■ **Task item**
Before returning the data, strip out the pictures and keep everything else exactly the same.

■ **Given data**
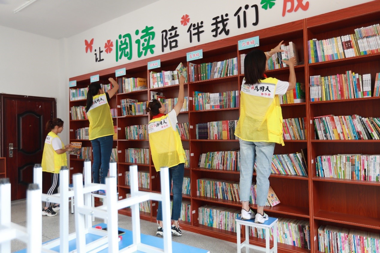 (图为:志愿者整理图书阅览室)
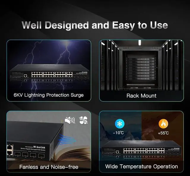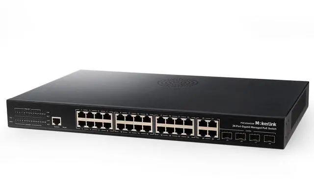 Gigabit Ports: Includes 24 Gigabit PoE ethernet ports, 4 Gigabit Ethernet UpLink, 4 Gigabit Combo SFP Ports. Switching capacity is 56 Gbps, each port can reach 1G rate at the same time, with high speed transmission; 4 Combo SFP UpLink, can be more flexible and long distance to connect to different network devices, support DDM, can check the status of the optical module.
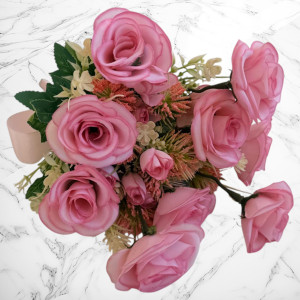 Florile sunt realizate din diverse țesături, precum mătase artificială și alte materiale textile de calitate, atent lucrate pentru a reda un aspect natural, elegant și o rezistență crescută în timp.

■ **Exercise response**
 (图为:志愿者整理图书阅览室)
 Gigabit Ports: Includes 24 Gigabit PoE ethernet ports, 4 Gigabit Ethernet UpLink, 4 Gigabit Combo SFP Ports. Switching capacity is 56 Gbps, each port can reach 1G rate at the same time, with high speed transmission; 4 Combo SFP UpLink, can be more flexible and long distance to connect to different network devices, support DDM, can check the status of the optical module.
 Florile sunt realizate din diverse țesături, precum mătase artificială și alte materiale textile de calitate, atent lucrate pentru a reda un aspect natural, elegant și o rezistență crescută în timp.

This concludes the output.